The book is 'Big Pieces of Time : Observatorium'.
As the work is described in the introduction, summarises most of the intentions: "Ideally, the sculpture will provide a focus, a point of arrival and of redirection; it gives the countryside or town a space and a symbol, something that invites and stimulates people into action or contemplation. If the art can accomplish anything, then it is above all to create time and space for attention - attention and curiosity towards the outside worlds, towards - the interior resonances we experience. It presents an environment that highlights the imponderability of the world around us."
The twelve pieces are monumental and even by looking at the images in the book this can be felt. Take the project 'Das Hallenhaus', a steel construction outlining a building. It is erected on a platform on top of a hill with beautiful views, a place to be.

Hallenhaus Observatorium
Image taken from stroom.nl / Image of the Hallenhaus.

It is a mazing how Observatorium manages to create this tension between place and context and everything without the salesman attitude of selling art. In fact art is the lat thing one think about while looking at this work presented in the book and I imagine this to be an even stronger aspect of the real live installations. There is something very natural, self explaining and normal to it.
This goes along with a statement by the art collective: "The work is not finished until someone uses it" (Observatorium on their project 'Square for De LeiJ, Judical Juvenile Institution De Leij, Vught, 2003). One of the projects that beautifully demonstrates the process the art piece is involved after it is actually finished. How this project has changed with it being used is not disimilar from an other built work, be it architecture or landscaping.
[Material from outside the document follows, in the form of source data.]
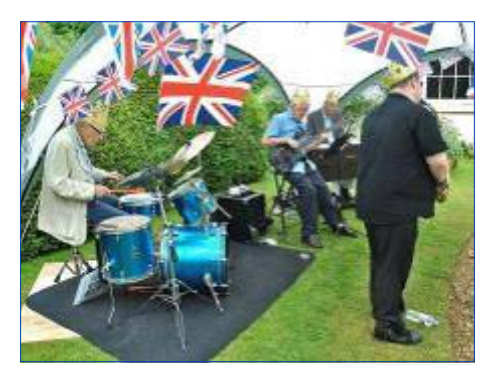
At least we are dry!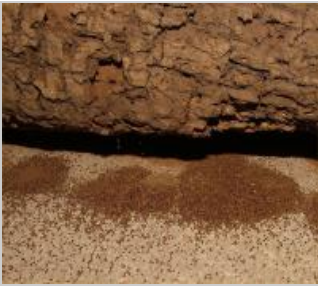
Death watch beetle damage and frass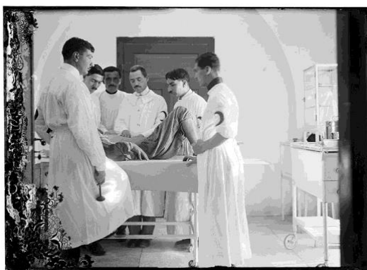
The Ottoman Red Crescent in Jerusalem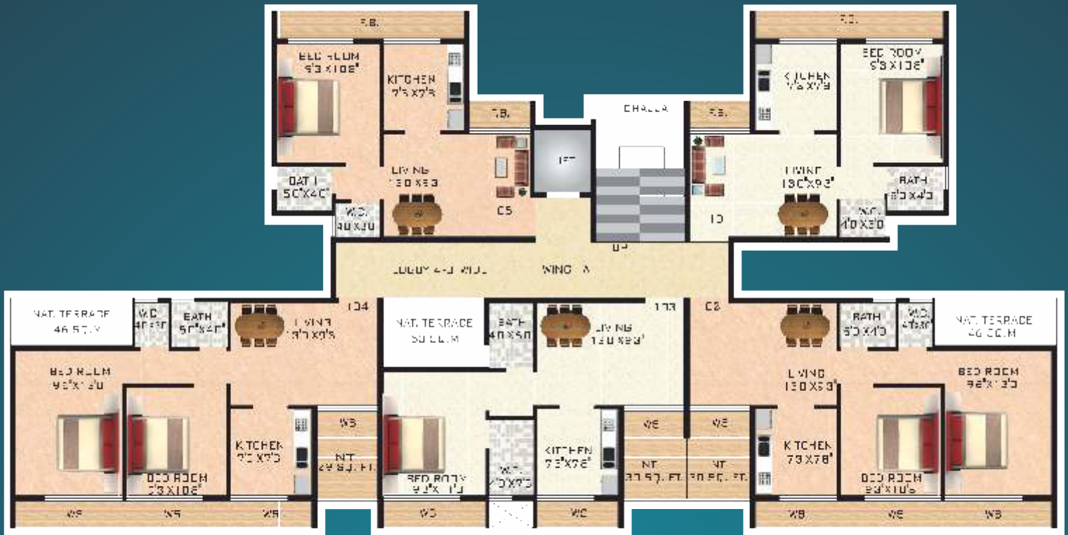
First Floor Plan Wing - A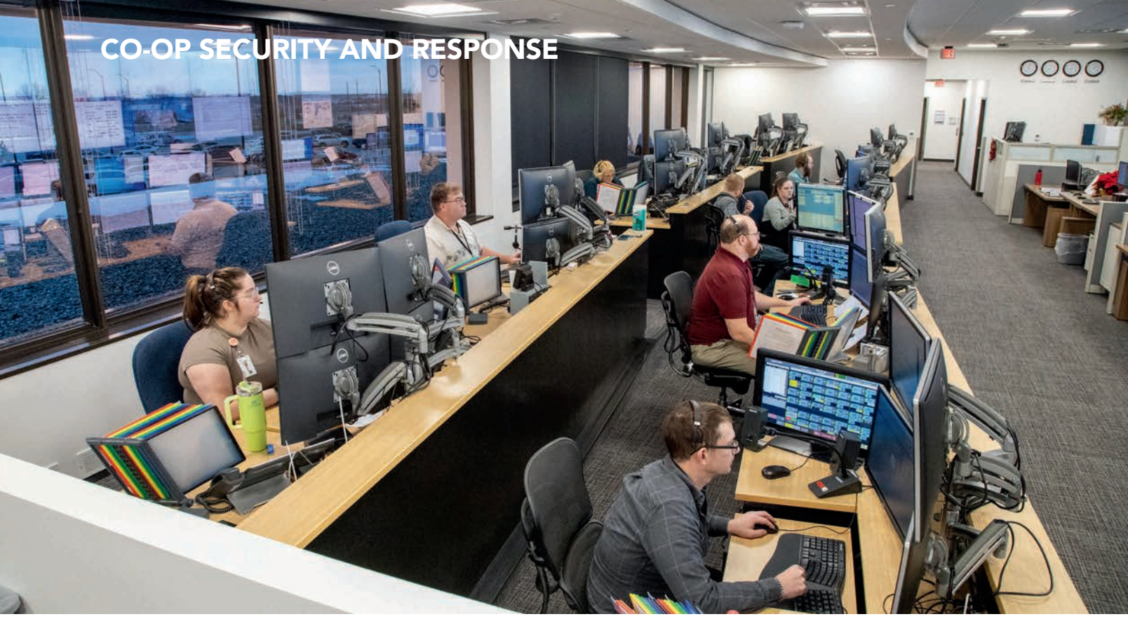
Basin Electric Security and Response Services dispatchers take calls from rural electric cooperative members at Basin's headquarters in Bismarck, N.D.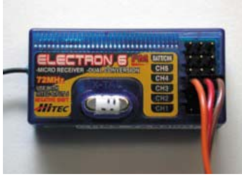
Cable from ESC plugs into throttle port on RC receiver. It doesn't look it, but connector is plugged into CH3 on this Hitec Electron 6 receiver.

Two more wires will have APP connectors attached, and they will plug into the battery pack. The third cable has a servo cable connector on the end. That cable is plugged into the throttle port (usually the number-three position) on your RC receiver. The switch will be mounted on the side of the fuselage and must be manually turned on to activate the entire electric power system.

The beauty about the book are the photographs documenting the work. Using the full format of the book an additional story is narrated with the images. In fact one could argue that this is a picture book book. As mentioned above the monumentality of the projects is captured beautifully, with a seriousness and a self-evidence rarely seen in project documentation. However this is mainly down to the monumentality of the installations and the other aspects of participation, community work, actual activity and action is harder to document. Cleverly here the text takes over this part and rounds the publication to a slow motion whale, a super-size book that brings you a time-out, time to recharge and enjoy. It is not about art but about the involvement, the possibilities and the dreams.

Big Pieces of Time, Cover
Image taken from the Observatorium blog / BIG PIECES OF TIME - Observatorium, Designed by Karelse & Den Besten, English, 288 pp / 326 x 240 mm / hardcover, price € 39.50, ISBN 978 90 6450 680 2.


de Camp, G., Dekker, A. & Reutelingsperger, R., 2010. Observatorium: Big Pieces of Time, Rotterdam: 010 Publishers.